A pandemic like COVID-19 expands exponentially when the virus is allowed to take hold in a community.  This fact renders evidence of where the disease is—and how it is spreading—one of the most powerful tools for public health decision-makers. Test, trace and isolate: that’s the ‘gold standard’ approach for managing viral epidemics. 

But the logistical challenge of achieving this approach for COVID-19 is enormous. As of late October 2020, despite extensive public health measures, cases were either persistent or growing in many areas of the country. Canada has surpassed 220,000 cases and 10,000 deaths in this pandemic and is approaching 10,000,000 people clinically tested. Testing rates in Canada’s four most populated provinces (which account for 96% of COVID-19 cases) represent 12% of the population in BC, 22% in Quebec, 33% in Ontario and 39% in Alberta.  

Public health experts advocate for even higher rates of testing as we strive to better understand how and where the disease is spreading. Adding to this daunting task is the fact that COVID-19 can be spread unknowingly by asymptomatic and pre-symptomatic infected individuals, further magnifying the challenge of detecting and managing the virus through clinical testing. Successful detection is further hampered where clinical testing is rationed, as those without symptoms are unlikely to be tested. While the main firefighting efforts of clinical testing and tracing are being expanded and applied to the blaze, there is a need to understand the nature and extent of the fire and, importantly, identify where the next pile of smouldering embers is likely to burst into flame if not quickly stamped out.  
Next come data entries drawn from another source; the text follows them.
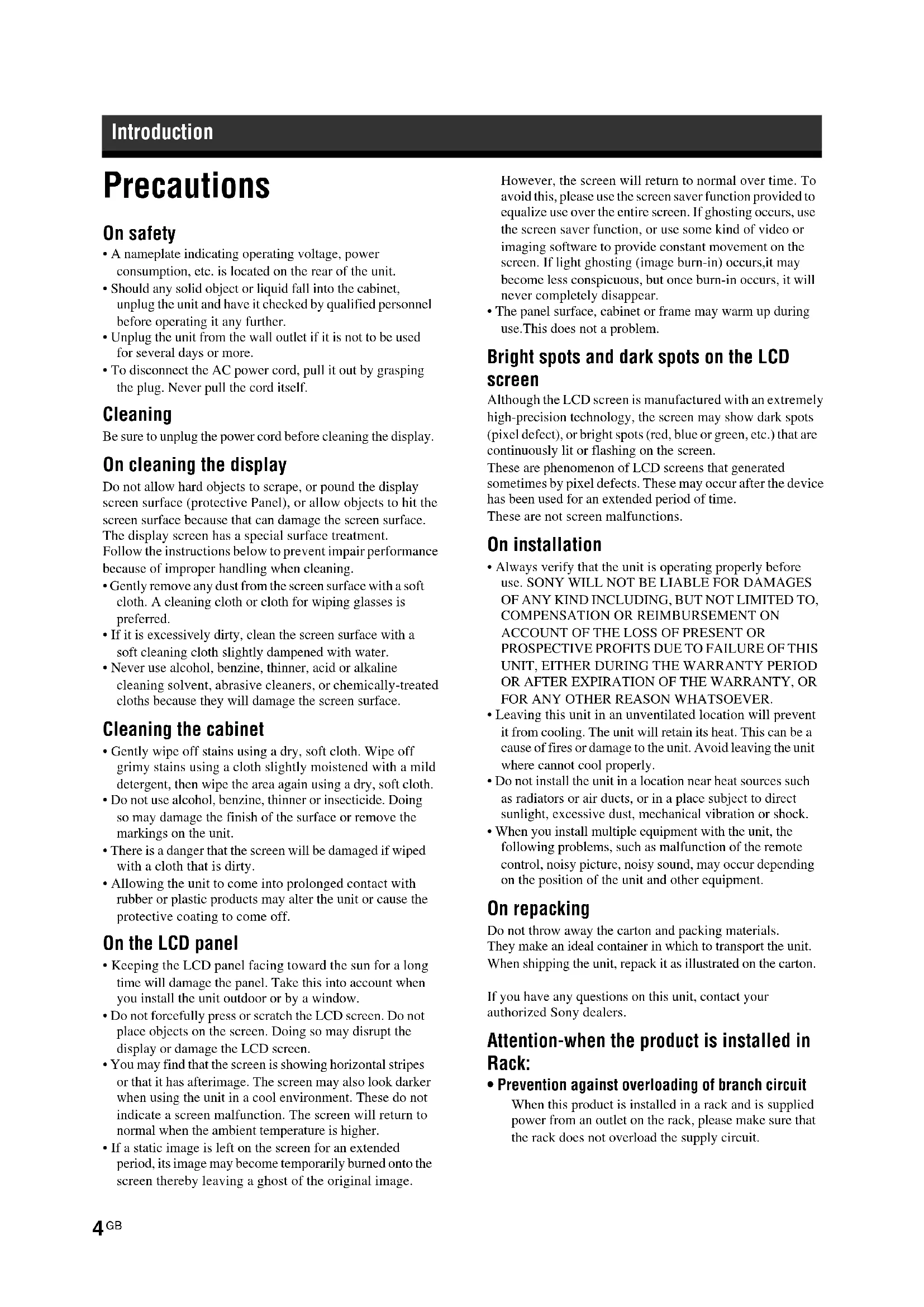 WARNING Owner’s Record The model and serial numbers are located on the rear. Record the model and serial numbers in the spaces provided below. Refer to these numbers whenever you call upon your Sony dealer regarding this product. Model No. Serial No. To reduce the risk of fire or electric shock, do not expose this apparatus to rain or moisture. To avoid electrical shock, do not open the cabinet. Refer servicing to qualified personnel only. THIS APPARATUS MUST BE EARTHED. On transportation When you carry the display unit, hold the unit itself, not the speakers. If you fail to do so, the speakers may come out of the unit and the unit may fall. This can cause injury. For customers in the U.S.A. If you have any questions about this product, you may call; Sony Customer Information Services Center 1-800-222-7669 or http://www.sony.com/ This device complies with Part 15 of the FCC Rules. Operation is subject to the following two conditions: (1) This device may not cause harmful interference, and (2) this device must accept any interference received, including interference that may cause undesired operation. This equipment has been tested and found to comply with the limits for a Class B digital device, pursuant to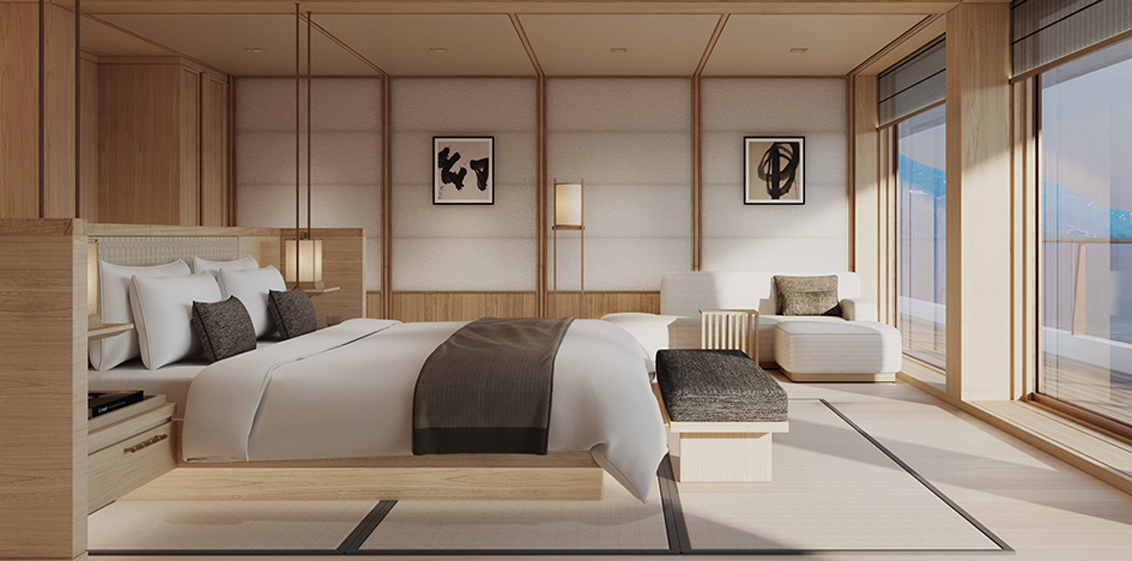 The living spaces are spread over three-decks of the nine-deck ship. Each of the 47-suites has a private terrace with floor-to-ceiling windows. The smallest suite on the yacht is 60-square-metres, with the mainstay measuring 75-sqm. Two Premium Suites are 100-sqm, while the top-of-the-line Aman Suite is 180-sqm, with its 180-sqm private terrace.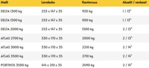 Atlas-sarja koostuu kolmesta eri painoluokan 3-kaatokippivaunusta. Vaunut voidaan varustaa verkkolisälaidoin, jolloin lavan vetoisuus on lähes 8 kuutiota. Myös ajorampit ovat mahdolliset. Ihanteellinen vaunusarja polttopuukauppiaille, maansiirto- ja puutarhaurakoitsijoille, kiinteistöhuoltoon, maatalouteen. Koneellinen kuormaus ja koneellinen purku ovat tehokkuutta ja nykyaikaa. Saatavana käsipumpulla, sähköhydrauliikalla tai molempien yhdistelmällä. Tätä parempaa ei ole. Atlakselle löytyy myös ”pikkuveli” Delta 250 x 150 x 35 lavalla, sekä ”isoveli” Porthos 414 x 210 x 35 lavalla.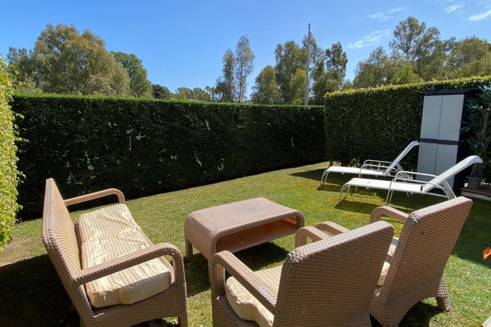 • Ontdek de mediterrane levensstijl in dit spectaculaire appartement met twee slaapkamers op de begane grond, gelegen in het prestigieuze Cortijo del Mar-complex, een oase van rust. Gelegen aan de nieuwe Gouden Mijl van Estepona, op slechts een paar minuten van Puerto Banús, Marbella en het centrum van Estepona. Een gelijkvloers appartement met twee slaapkamers en een eigen tuin, waarin klassieke Andalusische architectuur gecombineerd wordt met een eersteklas, eigentijds interieur. De indeling bestaat uit een entreehal die toegang geeft tot de ruime woon-eetkamer, een volledig ingerichte keuken met hoogwaardige apparatuur en een aparte bijkeuken, een hoofdslaapkamer met een onlangs gerenoveerde en-suite badkamer en toegang tot een lees- of studeerkamer, een tweede slaapkamer en een onlangs gerenoveerde badkamer met hoogwaardige porseleinen afwerking. De woning beschikt tevens over airconditioning (warm/koud), domotica met elektrische rolgordijnen en een geluidssysteem met luidsprekers in de woonkamer, op het terras en in de slaapkamers. Het hart van dit huis is zonder twijfel de ruime, besloten tuin. Een zonovergoten plek waar privacy en de koelte van het groen de perfecte setting creëren voor dineren in de buitenlucht, rustig lezen of simpelweg genieten van het uitzonderlijke microklimaat van de Costa del Sol. Deze buitenruimte vormt een natuurlijke verlenging van de woonkamer en verdubbelt het gevoel van vrijheid en comfort. Dit appartement op de begane grond is de ideale keuze voor zowel mensen die op zoek zijn naar een rustige, permanente woning als voor investeerders die een gewilde woning zoeken in een van de meest dynamische gebieden aan de kust. Het complex is volledig afgesloten met een hek, meerdere toegangspunten, camerabewaking en een 24-uurs conciërgeservice. De gemeenschappelijke ruimtes beschikken tevens over een spectaculair zwembad in lagunestijl, omgeven door tropische tuinen, en een exclusieve bar-restaurant aan het zwembad. Omgeven door de beste golfbanen in de omgeving (El Paraíso, Atalaya en Guadalmina). Op steenworp afstand vindt u winkelcentra, prestigieuze supermarkten, internationale scholen en exclusieve strandclubs.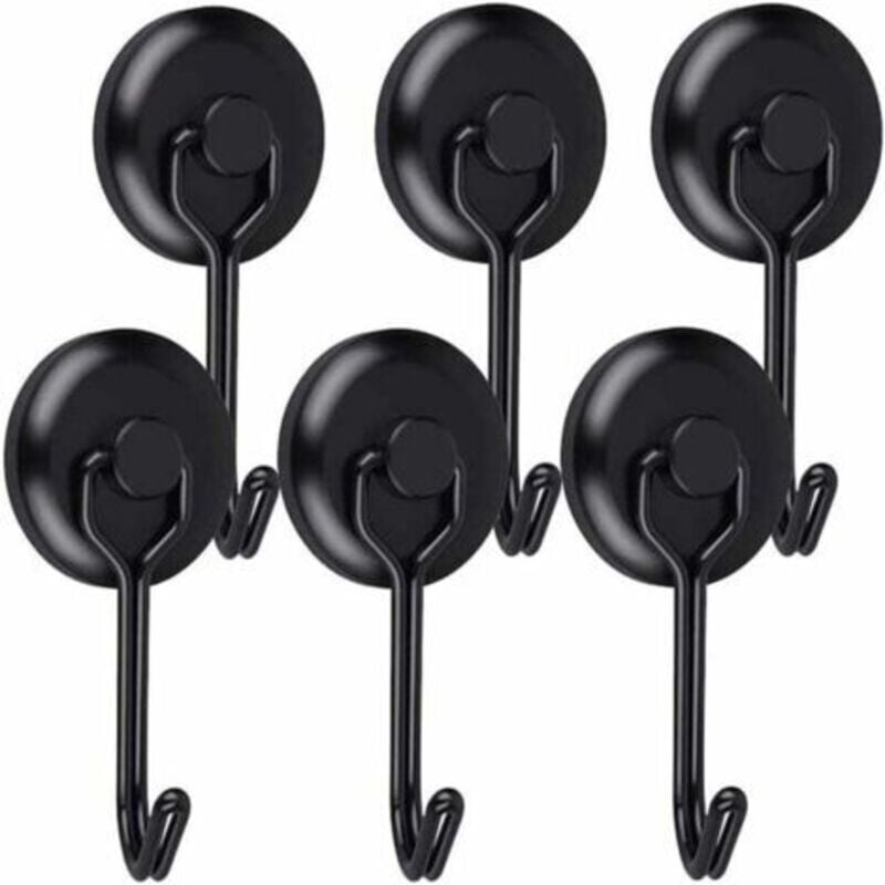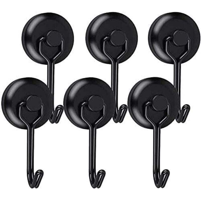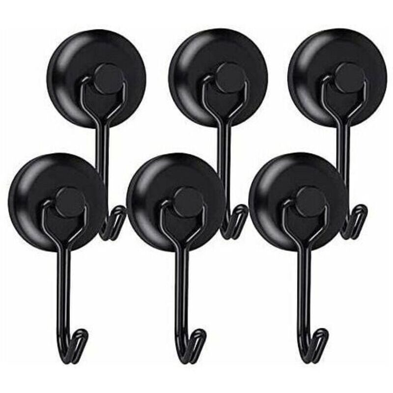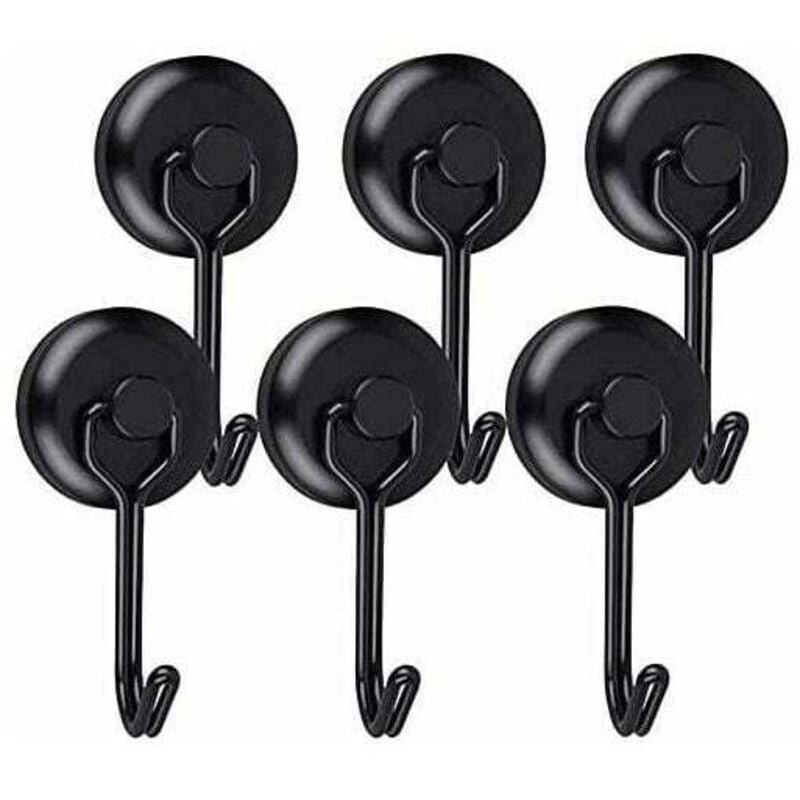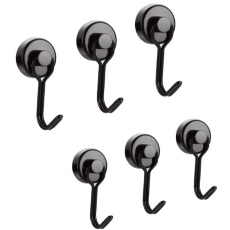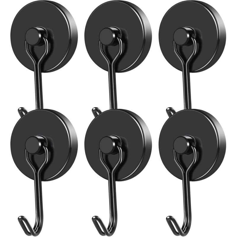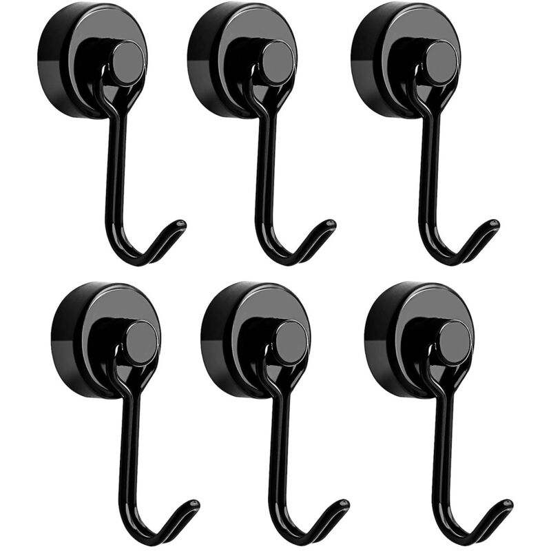 Crochet Aimanté Puissant 14 Kg 20d Crochet Magnetique Frigo Noir Néodyme Pivotants Aimant Crochet Magnétique 6pcs

With the potential to complement and augment the clinical testing approach, testing for community presence of SARS-CoV-2 through sewage (municipal wastewater) has exploded in research and interest over the past 7 months. Often referred to as wastewater-based epidemiology (WBE), sewage-based testing offers the possibility of early community detections and may also address the issue of asymptomatic disease. 

Using WBE to reflect community health and disease spread is not new. However, in early March of this year pioneering efforts were made in the Netherlands to adapt their sewage monitoring program to look for genetic signals of SARS-CoV-2. The importance of this technique in the context of COVID-19 stems from the fact that SARS-CoV-2 is shed in the faeces of infected individuals—even those who are asymptomatic or pre-symptomatic. In communities where COVID-19 infection is present, the detection of SARS-CoV-2 in wastewater is expected. 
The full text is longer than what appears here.